A railroad company could be the unintended victim of a North American tariff war

Under threat
$28 billion investment
First single-line service
US' largest trading partners
Yielding results
Taking share from trucks
Trading of goods
40% of the companie's revenue
Calming the waters
Tariff threat
Only 'Made in Mexico'
Union Pacific
Under threat

Last year, a buyout merged the seventh and sixth largest North American railroad companies. The fusion yielded great results for a year, but now it is under the threat of a commercial war.

$28 billion investment

Canadian Pacific invested $28 billion to buy Kansas City Southern. According to Reuters, the buyout caused Canadian Pacific's shares to rise around 6% on the Toronto Stock Exchange.

First single-line service

The excitement was justified: the merger created the first single-line railroad service connecting Canada with Mexico and the US, effectively covering all of North America.

US' largest trading partners

The new Canada Pacific Kansas City (CPKC) connected Canada and Mexico, the US’s most significant trading. Both countries are a part of the Canada-United States-Mexico Agreement (USMCA).

Yielding results

According to the Wall Street Journal, the new single-line service provided 42% growth for the new company and revenue of nearly $8.9 billion in 2023. The company has invested millions in infrastructure.

Taking share from trucks

The company has moved to take market share from trucks, responsible for about two-thirds of the transportation of goods between the three countries.

Trading of goods

According to the newspaper, the company is also pushing to increase its presence in Mexico, where it now sends about 24 trains a day. The most significant infrastructure investments aim toward that goal.

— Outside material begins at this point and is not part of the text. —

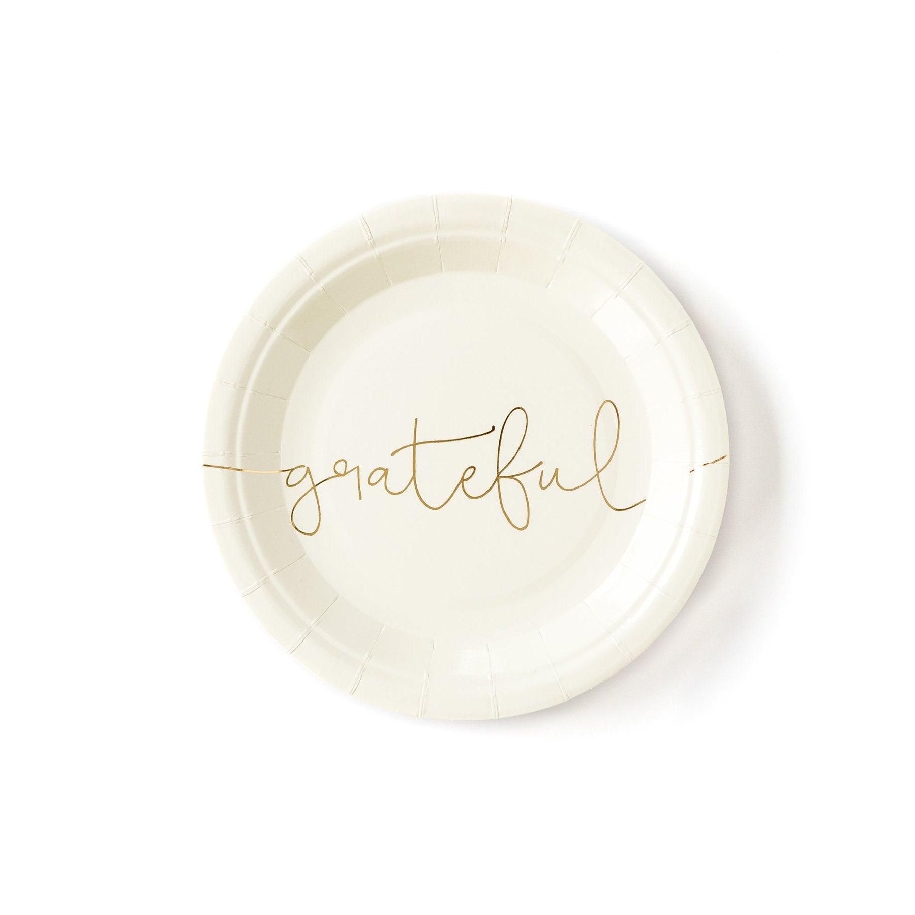 Be thankful and grateful this Thanksgiving with these sophisticated plates. Each cream plate has the word "thankful" or "grateful" printed in a beautiful gold foil script across the plate.

40% of the companie's revenue

It makes sense. Around 40% of the company’s revenue comes from moving goods between the three North American countries. Its second service in terms of revenue is intra-US movements, but it only makes up 19%.

Calming the waters

The WSJ said the company's director and executive team have spent weeks trying to calm investors' concerns about a potential North American trade war and increased tariffs. Tensions between Mexico and Canada have been high.

Tariff threat

President-elect Trump's 25% tariff plan would make CPKC operations much more expensive. However, the company expects the final import taxes to be lower after negotiations.

Only 'Made in Mexico'

The company also clarified that most goods it transports from Mexico to the US are made in the country and not imported by third parties. There have been concerns about Chinese products entering from Mexico.

Union Pacific

Other railroad companies, like Union Pacific, are having an easier time since Mr. Trump won the election, the WSJ said. Its shares are up 5% since the victory.